> PROBLEM STATEMENT: In the entries below, begin at the line with "peak across samples" and stop after the line with "For monthly rent, a"; output those lines exactly and omit the pictures.

> THE RECORDS:
┌──

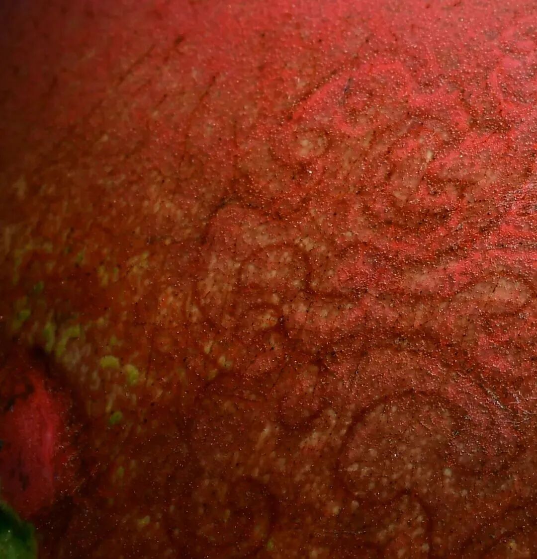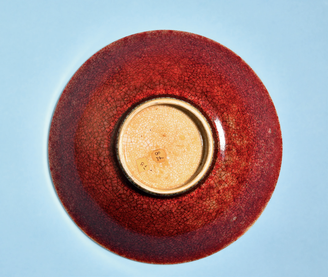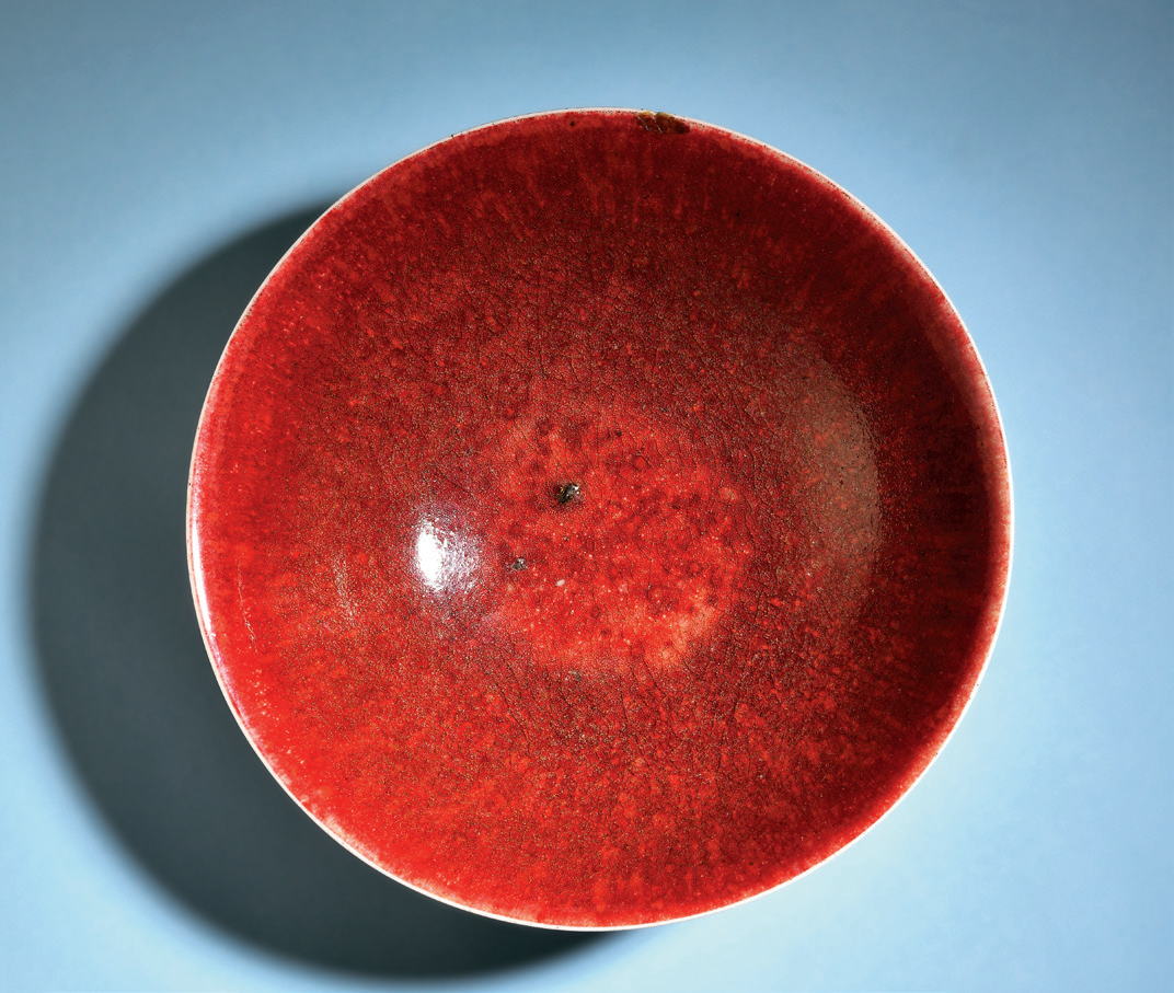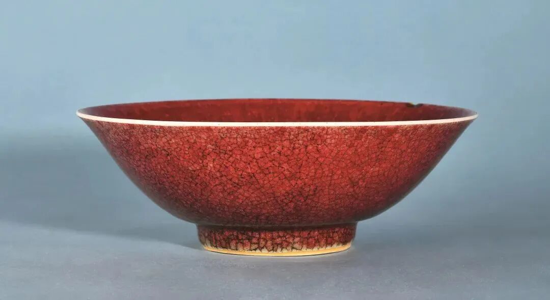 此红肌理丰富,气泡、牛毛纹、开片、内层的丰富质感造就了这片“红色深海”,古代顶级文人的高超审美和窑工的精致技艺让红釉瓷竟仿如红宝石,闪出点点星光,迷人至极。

└──
┌──

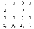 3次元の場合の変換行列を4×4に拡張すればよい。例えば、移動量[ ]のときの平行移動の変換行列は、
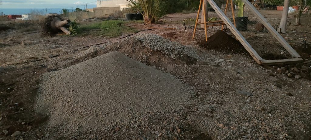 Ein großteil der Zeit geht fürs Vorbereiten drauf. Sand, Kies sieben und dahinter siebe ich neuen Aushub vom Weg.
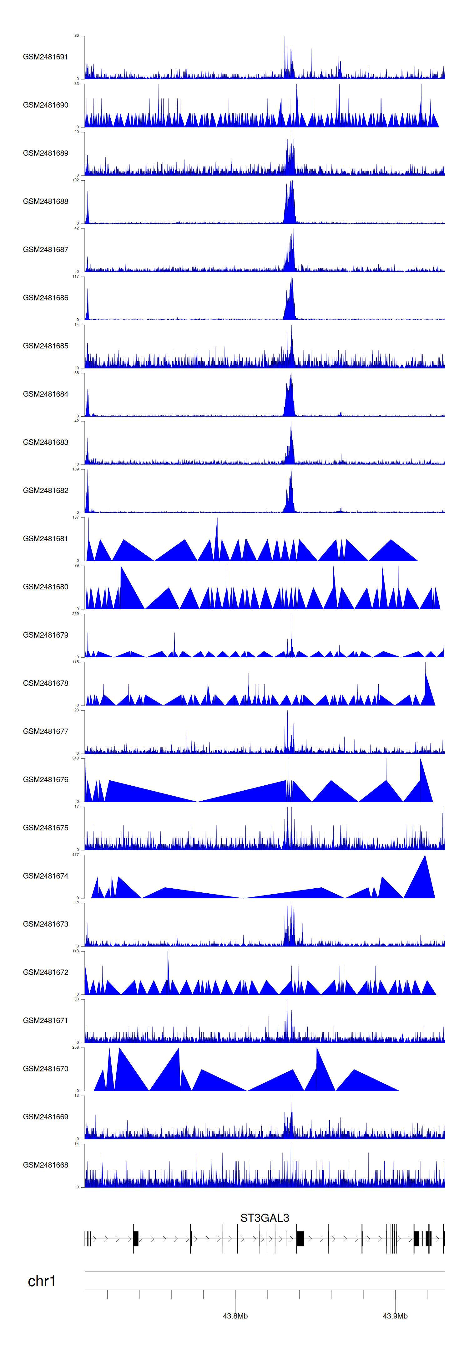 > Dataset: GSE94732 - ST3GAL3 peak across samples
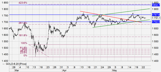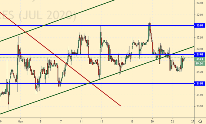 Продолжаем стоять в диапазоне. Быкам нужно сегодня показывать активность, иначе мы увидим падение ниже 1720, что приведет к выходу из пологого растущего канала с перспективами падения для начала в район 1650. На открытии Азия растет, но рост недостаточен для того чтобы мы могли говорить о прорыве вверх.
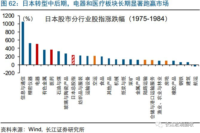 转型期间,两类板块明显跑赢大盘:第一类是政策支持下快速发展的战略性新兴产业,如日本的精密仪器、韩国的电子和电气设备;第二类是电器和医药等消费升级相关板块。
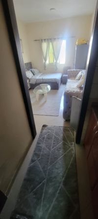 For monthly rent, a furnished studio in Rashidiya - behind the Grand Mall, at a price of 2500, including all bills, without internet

└──
┌──

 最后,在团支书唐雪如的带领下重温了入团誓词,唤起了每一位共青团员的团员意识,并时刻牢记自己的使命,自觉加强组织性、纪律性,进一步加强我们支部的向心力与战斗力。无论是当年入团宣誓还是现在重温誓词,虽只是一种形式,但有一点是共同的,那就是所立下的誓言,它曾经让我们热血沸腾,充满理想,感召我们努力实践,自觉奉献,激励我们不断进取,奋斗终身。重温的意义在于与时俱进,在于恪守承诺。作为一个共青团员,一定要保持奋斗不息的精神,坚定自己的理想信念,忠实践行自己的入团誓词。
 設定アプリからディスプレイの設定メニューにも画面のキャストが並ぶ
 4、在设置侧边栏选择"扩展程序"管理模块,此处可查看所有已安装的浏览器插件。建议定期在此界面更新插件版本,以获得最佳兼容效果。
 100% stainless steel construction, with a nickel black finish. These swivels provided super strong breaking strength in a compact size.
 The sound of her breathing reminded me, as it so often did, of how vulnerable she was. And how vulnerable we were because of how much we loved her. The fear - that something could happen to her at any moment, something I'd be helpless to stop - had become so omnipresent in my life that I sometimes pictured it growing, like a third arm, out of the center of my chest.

└──

> TASK SOLUTION:
 > Dataset: GSE94732 - ST3GAL3 peak across samples
 Продолжаем стоять в диапазоне. Быкам нужно сегодня показывать активность, иначе мы увидим падение ниже 1720, что приведет к выходу из пологого растущего канала с перспективами падения для начала в район 1650. На открытии Азия растет, но рост недостаточен для того чтобы мы могли говорить о прорыве вверх.
 转型期间,两类板块明显跑赢大盘:第一类是政策支持下快速发展的战略性新兴产业,如日本的精密仪器、韩国的电子和电气设备;第二类是电器和医药等消费升级相关板块。
 For monthly rent, a furnished studio in Rashidiya - behind the Grand Mall, at a price of 2500, including all bills, without internet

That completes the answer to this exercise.